CO-31: Patient Cannot Be Identified as Insured
Provider responsibility — correct the issue and resubmit the claim. The patient is not liable for this amount.
What Does CO-31 Mean?
With CO (Contractual Obligation), the CARC 31 adjustment is the provider's responsibility. The payer denied or reduced payment because of the member ID submitted on the claim does not match any active enrollee in the payer's system. The patient is not liable for this amount. If the denial is in error, the provider can correct and resubmit the claim or file an appeal with supporting documentation.
CARC 31 indicates patient cannot be identified as insured. The payer determined that the service or a portion of it does not meet coverage criteria under the patient's current plan benefits or the applicable coverage rules.
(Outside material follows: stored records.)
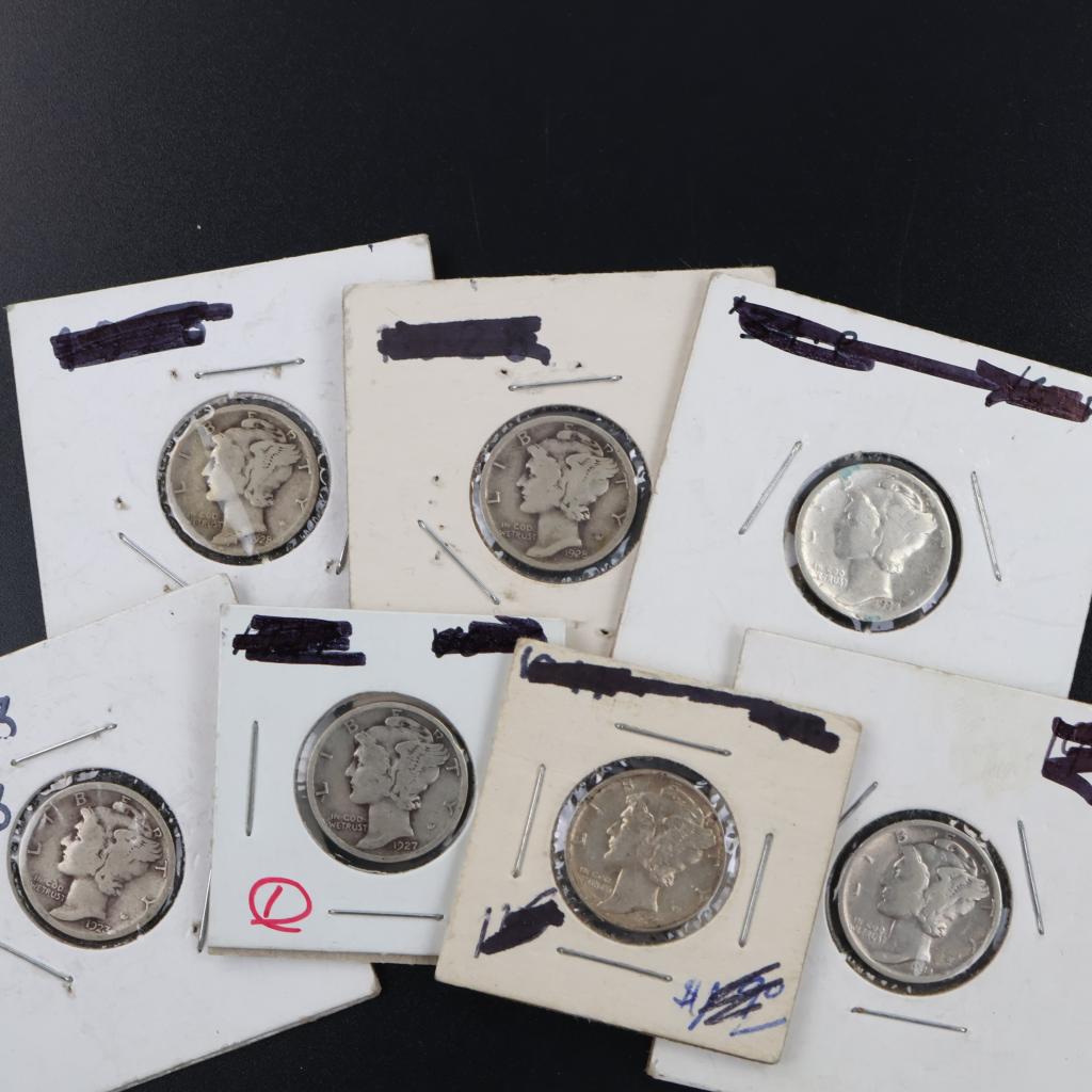 US Mercury Silver Dimes, 7 Pieces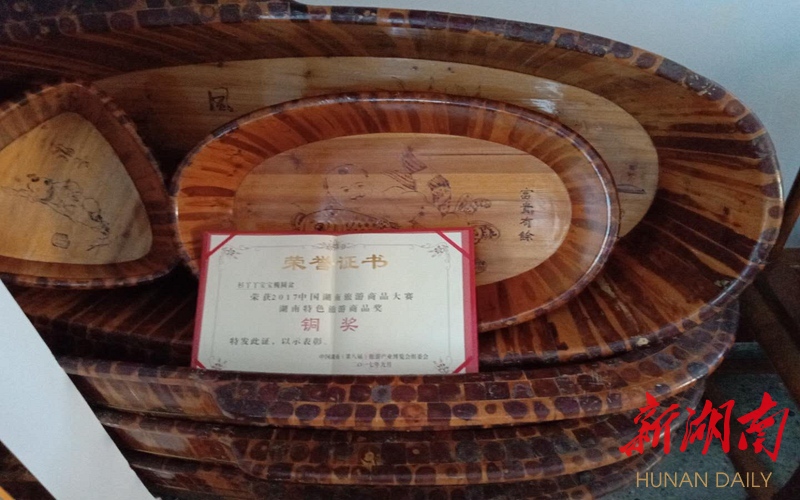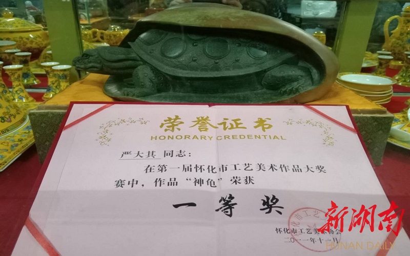 今年70多岁的严大其,热情、开放、生活乐观,精神矍铄,是一位从商企退休干部。说起他的收藏史,还得从20多年前一只木盆说起。那是1996年一场特大洪灾,原泸溪老城遭受灭顶之灾,洪水冲走了他家财产、物品,不舍的是早年在凤凰工作时带回的杉树枝木脚盆的工艺品也被冲没了。这让他非常的失落,这可是他酷爱的“宝贝”,跟随他几十年了。上哪儿找回那件喜爱的旧物呢?于是,他决定花高价钱请老木匠来家仿制,要木料,上沅陵用坪深山收购杉树的正杉枝;要铜箍去陕西、跑浙江,到上海,终于打造而成,与原来一模一样并且精致多了,使那古朴绚丽的木制脚盆释放出它独特的艺术魅力,这无异是让湘西千年民族工艺重放异彩。1995年以来,他收藏的民族工艺品,先后参加了省农博会、上海全国农林产品博览会,使湘西民族工艺这张文化历史名片叫响全国,上海外贸还将小盆带去比利时,参加2000年中国一带一路国际欧洲博览会,亮彩世界,引起轰动。这期间,湖南电视台新闻频道、乡村发现节目作了采访报道,中央二台经济频道作了采访。2017年中国湖南旅游商品大赛,小盆荣获铜奖。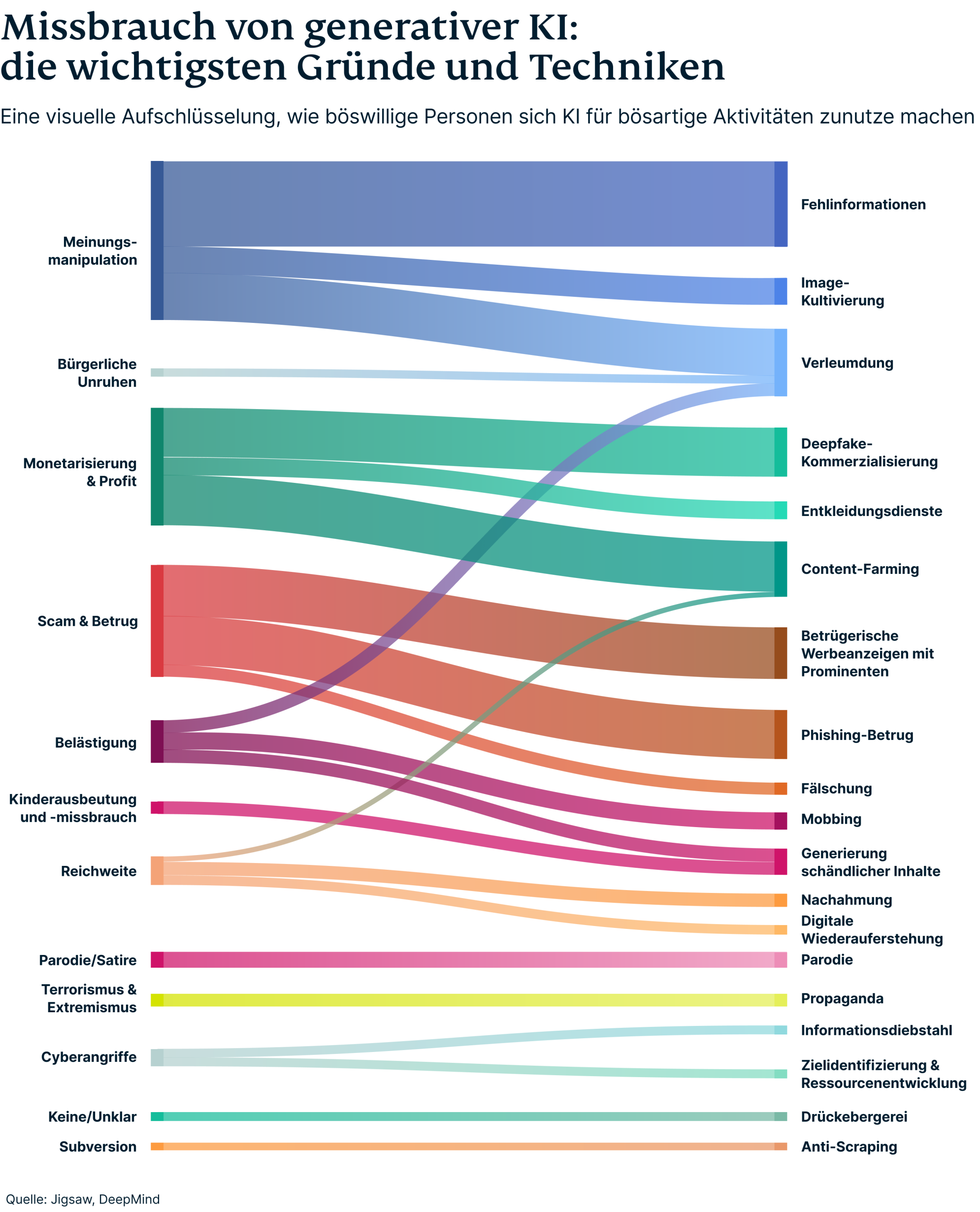 Eine kürzlich von Google DeepMind durchgeführte Studie ergab, dass die Beeinflussung der öffentlichen Meinung das häufigste böswillige Ziel der Nutzung generativer KI ist, vor allem durch Deepfake-Medien. Die Erstellung realistischer, aber gefälschter Bilder, Videos und Audios von Menschen war fast doppelt so häufig wie der nächsthäufigste Missbrauch von generativen KI-Tools, nämlich die Erstellung von textbasierten Fehlinformationen im Internet.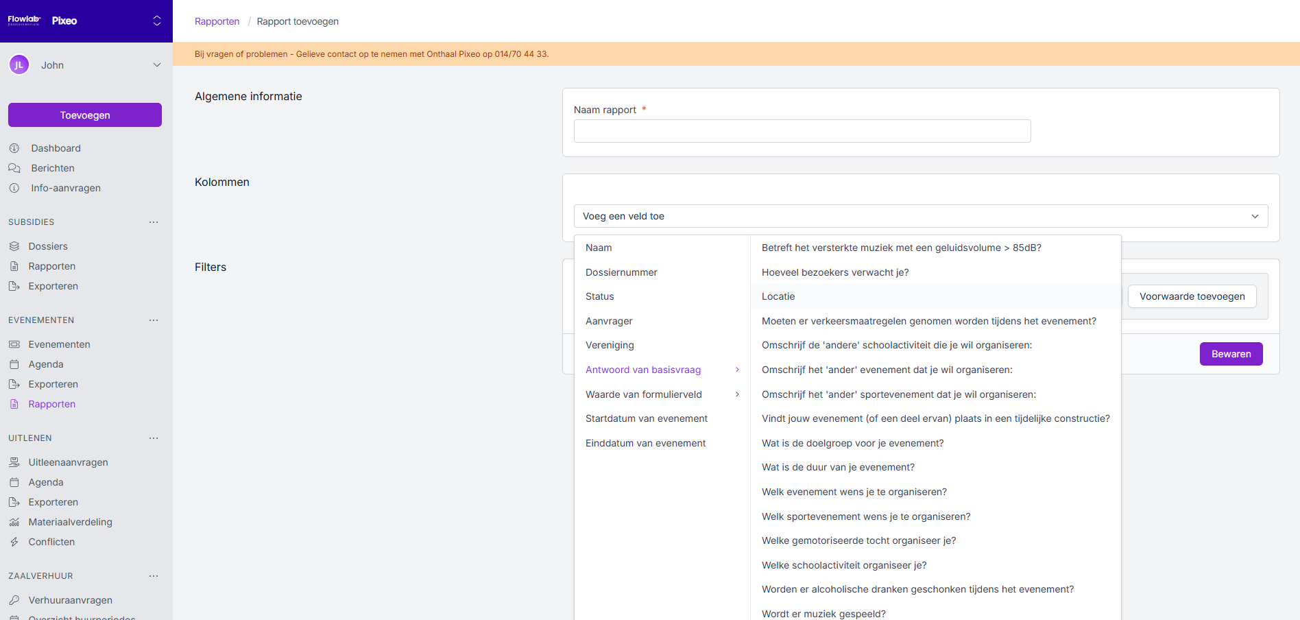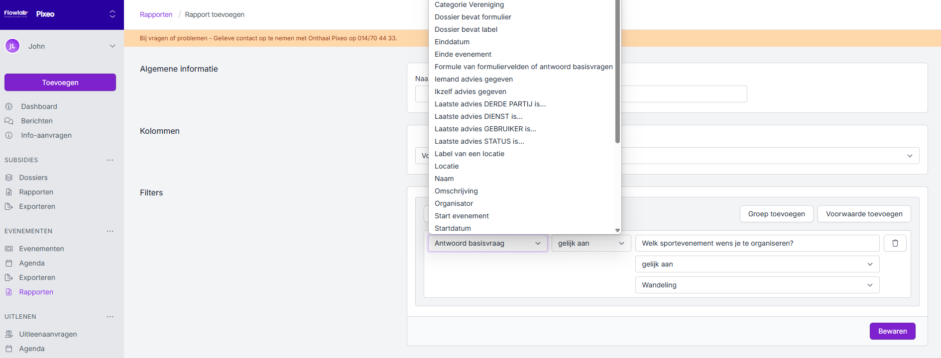 Via Rapporten bij de module Evenementen kan je verschillende rapporten op maat aanmaken en exporteren. Je kan hierbij zelf de kolommen bepalen en werken met voorwaarden als filter. De rapporten zijn individueel in te stellen per beheerder.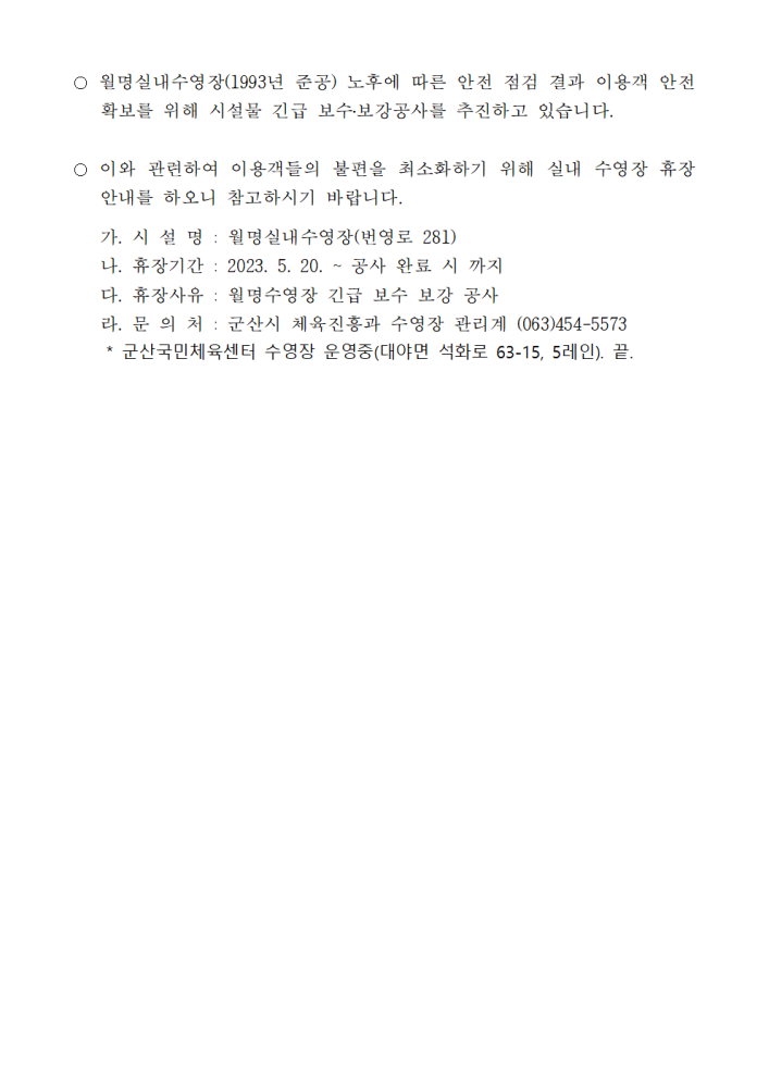 | 891 | 월명 실내 수영장 휴장 안내 |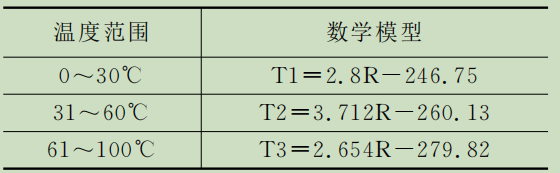 PT100電阻的電阻值和溫度具有線性關(guān)系 ,不同的溫度會(huì)轉(zhuǎn)換成PT100兩端不同的電壓信號(hào),電壓信號(hào)通過(guò)A/D轉(zhuǎn)換得到對(duì)應(yīng)的A/D值,所以可以根據(jù)電路中實(shí)測(cè)的A/D值以查表的方式計(jì)算相應(yīng)的溫度值。在較大的溫度范圍內(nèi),PT100電阻與溫度的線性關(guān)系不一致,而在某段小范圍內(nèi),兩者的線性關(guān)系較好,因此,在系統(tǒng)中采用查表與分段數(shù)學(xué)建模相結(jié)合的方法計(jì)算得出較精確的溫度值。算法將測(cè)溫范圍 分 成0℃~30℃,31℃~60℃,61℃~100℃3段。在每段溫度區(qū)間內(nèi),對(duì)A/D采集到的電壓溫度信號(hào)值的大小與PT100阻值大小的關(guān)系根據(jù)實(shí)際情況進(jìn)行數(shù)學(xué)建模。分段數(shù)學(xué)模型如表1所示。根據(jù)此數(shù)學(xué)模型得到測(cè)量理論誤差小于0.1℃,實(shí)際測(cè)量過(guò)程中溫度最大偏差量也小于0.1℃,滿足系統(tǒng)測(cè)量精度要求。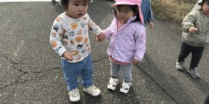 お散歩が大好きなつぼみ組さん! 農道で自由に歩いたり、探索し …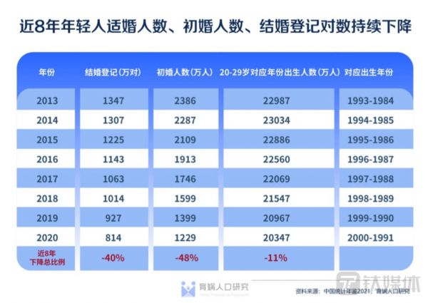 报告根据民政局公布数据分析,2021年全国结婚登记数相比2013年峰值数据减少583万对,为1986年以来最低。而与出生人口更密切相关的初婚人数,从2013年的2385.96万人峰值持续下降 至2020年1228.6万人,下降幅度达48.5%。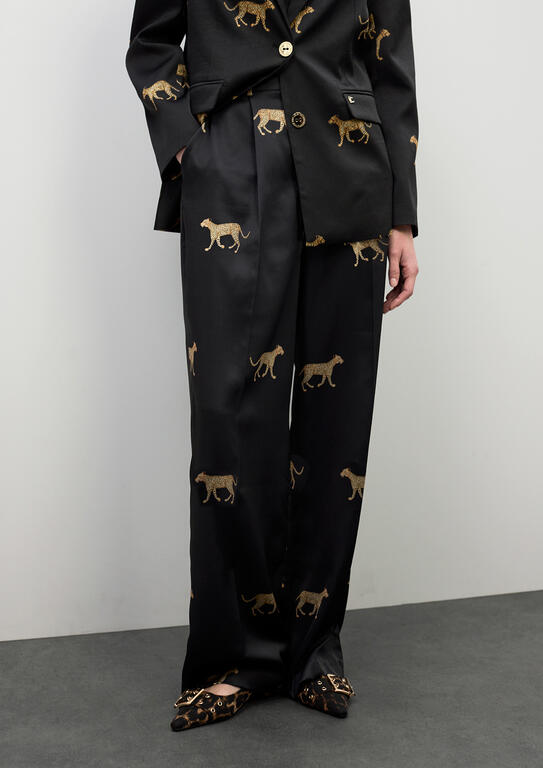 High-quality satin shirt with an elegant leopard print. Classic collar and long sleeves with button closure. Soft and flowing fabric for comfort and sophistication. Style with the matching trousers for a complete look.

Common scenarios that trigger this adjustment include: the member ID submitted on the claim does not match any active enrollee in the payer's system; Claim submitted to wrong insurance company - patient has coverage with a different carrier; Patient's name on the claim does not match the name on file with the payer (maiden vs married name, legal name change). The group code paired with CARC 31 determines who bears the financial responsibility — CO places it on the provider as a contractual obligation, OA indicates a coordination of benefits or other payer adjustment, PR shifts it to the patient.
Common Causes
| Cause | Frequency |
|---|---|
| Incorrect member ID or subscriber number The member ID submitted on the claim does not match any active enrollee in the payer's system | Most Common |
| Wrong payer Claim submitted to wrong insurance company - patient has coverage with a different carrier | Common |
| Name mismatch Patient's name on the claim does not match the name on file with the payer (maiden vs married name, legal name change) | Common |
| Patient not enrolled Patient's enrollment was never completed or was not yet effective | Common |
How to Resolve
- Review the remittance details Examine the CO-31 adjustment and any accompanying RARC codes to identify the specific reason for the denial.
- Identify the root cause Determine which issue applies: incorrect member ID or subscriber number, wrong payer, name mismatch, among others.
- Correct the claim Address the identified issue — update the claim data in your billing system to resolve the patient cannot be identified as insured problem.
- Resubmit the corrected claim Submit the corrected claim following the payer's resubmission guidelines. Include any supporting documentation that addresses the denial reason.
- Appeal if the original claim was correct If the patient is enrolled but the payer cannot find them, appeal with the insurance card, enrollment confirmation, and correct member demographics. Contact the payer to update their enrollment records.
If the patient is enrolled but the payer cannot find them, appeal with the insurance card, enrollment confirmation, and correct member demographics. Contact the payer to update their enrollment records.
Common RARC Pairings
The RARC code tells you exactly what triggered the CO-31:
| RARC | Description |
|---|---|
| N30 | Patient not eligible for this service on this date Verify member ID and enrollment status → |
| MA130 | Missing/incomplete/invalid information can be resubmitted Correct patient identification data and resubmit → |
How to Prevent CO-31
- Copy/scan insurance cards at every visit
- Verify eligibility electronically before services
- Confirm member ID, name, and DOB match payer records
- Update patient insurance data at each visit
- Train front desk staff on thorough insurance verification
Also Filed As
The same CARC 31 may appear with different Group Codes:
Related Denial Codes
Sources
- https://x12.org/codes/claim-adjustment-reason-codes
- https://revenuecyclemgmt.com/claim-adjustment-reason-codes/
- https://www.rivethealth.com/blog/carcs-rarcs-claim-adjustment-remittance-advice-codes
- Codes maintained by X12. Visit x12.org for official definitions.